A quick grep showed that there are around 80 drivers which have
pci_error_handlers. I was thinking that it would be better if we handle
these drivers in another patch series since the current patch series is
itself 25 patches long. And in my short tenure reading LKML, I gathered
that folks generally are not so kind to a long list of patches in a
single patch series ^^' (I might be wrong though, Apologies)

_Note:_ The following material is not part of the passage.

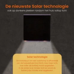 · Volledig waterdicht – De solar wandlamp heeft een volledig IP65 waterdicht ontwerp. Hierdoor hebben regen, sneeuw, vorst en zelfs hitte geen invloed o de lamp.

The consensus on the patch series does seem slightly positive so
ideally, I was hoping that we would not have the case where a author
does not like the way we are handling this patch. Then again, I'm
pretty sure that I might be wrong ^^'

I hope it would be okay that I send in a new patch series with the
suggested changes and handle the other changes in another patch series
^^

Thanks,
Naveen
> > +
> >  /*
> >   * pci_power_t values must match the bits in the Capabilities PME_Support
> >   * and Control/Status PowerState fields in the Power Management capability.
> > -- 
> > 2.25.1
> > 
> > _______________________________________________
> > Linux-kernel-mentees mailing list
> > Linux-kernel-mentees@lists.linuxfoundation.org
> > https://lists.linuxfoundation.org/mailman/listinfo/linux-kernel-mentees
diff mbox series

Patch

diff --git a/include/linux/pci.h b/include/linux/pci.h
index cd8aa6fce204..689c8277c584 100644
--- a/include/linux/pci.h
+++ b/include/linux/pci.h
@@ -154,6 +154,15 @@  enum pci_interrupt_pin {
 /* The number of legacy PCI INTx interrupts */
 #define PCI_NUM_INTX	4
 
+/*
+ * Reading from a device that doesn't respond typically returns ~0.  A
+ * successful read from a device may also return ~0, so you need additional
+ * information to reliably identify errors.
+ */
+#define PCI_ERROR_RESPONSE     (~0ULL)
+#define SET_PCI_ERROR_RESPONSE(val)    (*(val) = ((typeof(*(val))) PCI_ERROR_RESPONSE))
+#define RESPONSE_IS_PCI_ERROR(val) ((val) == ((typeof(val)) PCI_ERROR_RESPONSE))
+
 /*
  * pci_power_t values must match the bits in the Capabilities PME_Support
  * and Control/Status PowerState fields in the Power Management capability.